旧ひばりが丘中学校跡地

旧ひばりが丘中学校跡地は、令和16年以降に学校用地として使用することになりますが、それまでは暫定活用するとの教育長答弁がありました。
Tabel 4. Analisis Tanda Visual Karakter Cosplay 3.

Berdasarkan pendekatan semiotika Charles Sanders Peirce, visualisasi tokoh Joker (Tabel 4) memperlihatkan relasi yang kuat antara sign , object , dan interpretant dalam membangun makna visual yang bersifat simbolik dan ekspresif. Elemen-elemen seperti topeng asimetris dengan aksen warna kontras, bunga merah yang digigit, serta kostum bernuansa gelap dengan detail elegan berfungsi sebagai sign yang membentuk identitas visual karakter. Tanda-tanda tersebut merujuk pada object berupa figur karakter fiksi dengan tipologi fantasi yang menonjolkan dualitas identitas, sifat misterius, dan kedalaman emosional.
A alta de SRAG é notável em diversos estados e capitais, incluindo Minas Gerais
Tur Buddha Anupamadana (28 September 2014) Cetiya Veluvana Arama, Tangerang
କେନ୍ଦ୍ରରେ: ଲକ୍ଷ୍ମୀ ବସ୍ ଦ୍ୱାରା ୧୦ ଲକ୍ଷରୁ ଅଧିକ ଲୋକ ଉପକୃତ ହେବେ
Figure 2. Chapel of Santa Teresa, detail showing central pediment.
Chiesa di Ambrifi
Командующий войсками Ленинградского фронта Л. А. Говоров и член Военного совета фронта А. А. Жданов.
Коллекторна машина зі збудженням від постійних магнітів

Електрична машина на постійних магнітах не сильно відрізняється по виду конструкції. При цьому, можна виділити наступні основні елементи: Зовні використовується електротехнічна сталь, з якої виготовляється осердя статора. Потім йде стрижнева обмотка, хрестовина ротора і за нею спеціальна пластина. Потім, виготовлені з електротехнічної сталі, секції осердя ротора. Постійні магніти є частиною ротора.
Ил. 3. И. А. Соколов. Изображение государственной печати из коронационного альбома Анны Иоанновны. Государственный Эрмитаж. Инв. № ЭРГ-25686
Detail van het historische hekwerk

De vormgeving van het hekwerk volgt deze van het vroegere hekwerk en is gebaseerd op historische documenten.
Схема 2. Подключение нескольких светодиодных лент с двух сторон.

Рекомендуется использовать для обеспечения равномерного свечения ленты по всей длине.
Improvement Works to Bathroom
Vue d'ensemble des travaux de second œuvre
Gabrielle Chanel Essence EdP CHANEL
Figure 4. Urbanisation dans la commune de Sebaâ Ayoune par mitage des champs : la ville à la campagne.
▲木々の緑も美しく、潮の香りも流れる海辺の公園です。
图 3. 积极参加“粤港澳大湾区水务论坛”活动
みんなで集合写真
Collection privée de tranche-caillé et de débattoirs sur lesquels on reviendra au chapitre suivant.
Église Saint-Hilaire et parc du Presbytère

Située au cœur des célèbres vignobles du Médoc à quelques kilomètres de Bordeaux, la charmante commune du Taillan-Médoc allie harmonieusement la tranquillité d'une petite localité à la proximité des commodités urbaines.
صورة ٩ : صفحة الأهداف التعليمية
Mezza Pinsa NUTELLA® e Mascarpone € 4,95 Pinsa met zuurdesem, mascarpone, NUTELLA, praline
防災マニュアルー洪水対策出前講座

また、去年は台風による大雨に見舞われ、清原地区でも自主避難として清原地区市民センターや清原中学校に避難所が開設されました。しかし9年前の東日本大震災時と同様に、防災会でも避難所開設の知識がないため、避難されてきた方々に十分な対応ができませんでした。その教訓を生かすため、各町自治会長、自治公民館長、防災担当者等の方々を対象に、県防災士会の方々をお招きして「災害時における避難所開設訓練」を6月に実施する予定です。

- [WHAT YOU SHOULD DO]: Set down, word for word, each line from the top of the records above through the line with "Tabel 4. Analisis".

- [TASK RESPONSE]:
旧ひばりが丘中学校跡地

旧ひばりが丘中学校跡地は、令和16年以降に学校用地として使用することになりますが、それまでは暫定活用するとの教育長答弁がありました。
Tabel 4. Analisis Tanda Visual Karakter Cosplay 3.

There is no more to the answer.